Joueurs à surveiller

Morgane Bourgeois – Pauline Barrat, joueuse marquante des Six Nations féminines, a subi sa troisième blessure grave au genou en cinq ans à la fin de la saison française de l'AXA Elite 1 et a été absente jusqu'au début 2027.

L'absence de Barrat pourrait donner au Bordeaux 15 une chance de récupérer le maillot qu'elle avait perdu face à la Toulousaine au début du Tournoi des Six Nations féminin 2026.

Ratier a des options à l’arrière. S'il veut maintenir le rythme qu'il avait avec Barrat, il pourrait déplacer Anais Grando de Romagnat dans sa position préférée, après l'avoir repositionnée avec succès lors du Tournoi des Six Nations féminin.

Cependant, Bourgeois offre une régularité et une solidité – ainsi qu'une chaussure puissante et précise – qu'il ne peut ignorer.

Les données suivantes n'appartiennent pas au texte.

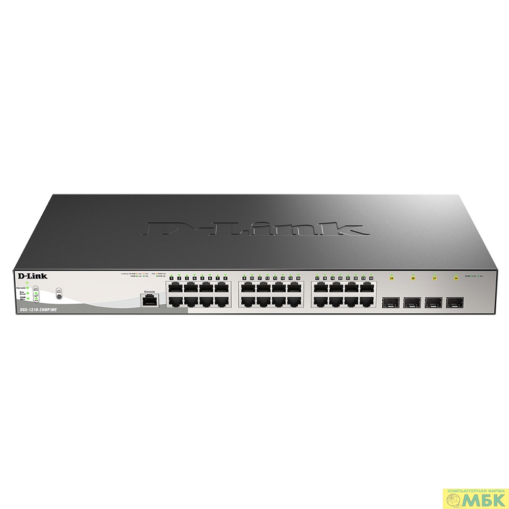 D-Link DGS-1210-28MP/ME/B2A PROJ Управляемый L2 коммутатор с 24 портами 10/100/1000Base-T и 4 портами 1000Base-X SFP (24 порта PoE 802.3af/at, PoE-бюджет 370 Вт)

Elle n'est pas vraiment en reste non plus.

Teani Feleu – Jouant enfin pour la France dans sa position de milieu de terrain préférée, plutôt qu'en arrière-ligne, Feleu a montré à quel point elle peut être dangereuse balle en main en faisant des trous dans les défenses irlandaises, écossaises et anglaises lors du Tournoi des Six Nations féminin 2026, après avoir été rappelée dans l'équipe suite à la blessure de Joanna Grisez lors du match d'ouverture, et de retour dans la formation de départ lorsque le tournoi de Gabrielle Vernier s'est terminé dans le deuxième.

Vernier est de retour et Feleu fait face à la concurrence pour un maillot de départ de l'impressionnante Aubane Rousset, qui a fait ses débuts en France dans le tournoi, mais la France possède une joueuse hybride convoitée au talent rare dans la jeune sœur Feleu.

Prédiction

Performance et développement ne sont pas des mots qui rempliront d'enthousiasme le cœur des fans français à l'approche des WXV Global Series de cet automne.

Mais la première directive pour la France est de s'appuyer sur l'amélioration globale constatée et expérimentée dans le Tournoi des Six Nations féminin, tout en tirant les leçons et en corrigeant certaines de ses erreurs les plus évitables, en particulier celles commises lors de la défaite décisive contre l'Angleterre.

Après tout, la Nouvelle-Zélande et le Canada ont le courage de punir les erreurs presque aussi sévèrement que l'équipe des Red Roses de John Mitchell l'a fait en mai dernier.

Ces erreurs contre l’Angleterre, au moins, n’étaient pas d’exécution ou d’habileté, mais principalement d’impatience et d’empressement excessif à garder le ballon en vie contre une opposition plus puissante, alors qu’un ruck supplémentaire et une approche plus calme auraient été plus efficaces.

Les joueurs l’ont reconnu après le match contre l’Angleterre.

L'ailière Léa Murie l'admet : « On s'est un peu laissé emporter. Il faut être plus sélectif. »

Personne ne devrait s’attendre à une victoire française, ou quelque chose de proche, cette année. Mais les victoires à domicile et les performances sur lesquelles s'appuyer lors des matchs à l'extérieur à Hamilton, Whangerei et Christchurch sont dans la timonerie des Bleues.